Intraseasonal dynamics and directional dependencies in novel tower-based SIF observations over a temperate deciduous forest

Solar-Induced chlorophyll Fluorescence (SIF) is increasingly being used as a proxy for photosynthetic activity and gross primary productivity (GPP). However, the SIF signal exhibits a dynamic diurnal cycle and is sensitive to small-scale variation of vegetation type and canopy structure. Satellite-based remote sensing of SIF is limited in spatial and temporal resolution and may be sensitive to these small-scale effects. We present analysis of tower-based observations of SIF using a PhotoSpec system deployed to the AmeriFlux site (US-UMB) at the University of Michigan Biological Station in the northern lower peninsula of Michigan. The PhotoSpec system comprises three spectrometers (red, far-red, and broadband) and a 2D scanning telescope. These observations, the first of their kind at a temperate deciduous forest, are made at smaller spatial scales and higher temporal resolution than satellite observations, which allows us to assess how canopy structure and diurnal variations of photosynthesis and its drivers affect the SIF signal.
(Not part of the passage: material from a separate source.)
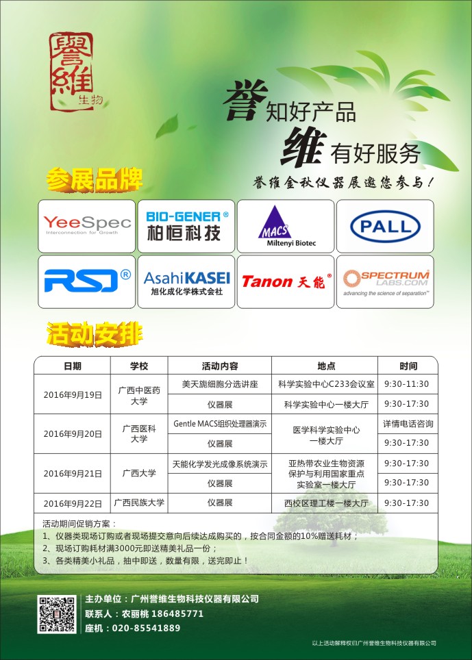 关于广西中医药科学实验中心“美天旎组织处理器”相关培训的通知 日期:2016-09-09 点击数: 次 分享到: 时间:2016年9月19日星期一 上午9:30 地点:beat365官方网站(仙葫校区)科学实验中心会议室C233 内容:1.gentelMACS组织处理器的现场操作演示及仪器操作规程讲解 2.相关讲座 3.美天旎仪器展示 请各位感兴趣的老师、同学踊跃参加! 打印正文 关闭本页

We compare intraseasonal dynamics and diurnal patterns of the SIF signal with eddy covariance derived GPP. We further analyze the relationships between SIF and temperature and precipitation variability. Preliminary analysis suggests that summer SIF/productivity increases in response to precipitation, but decreases in response to above-average temperatures. Our observations also allow for the investigation of directional dependencies and influences on the red:far-red SIF ratio, as well as other vegetation parameters such as NDVI and PRI. This analysis provides insight into the interpretation of SIF observations over temperate deciduous forest and will improve our ability to effectively use the recent proliferation of available satellite observations.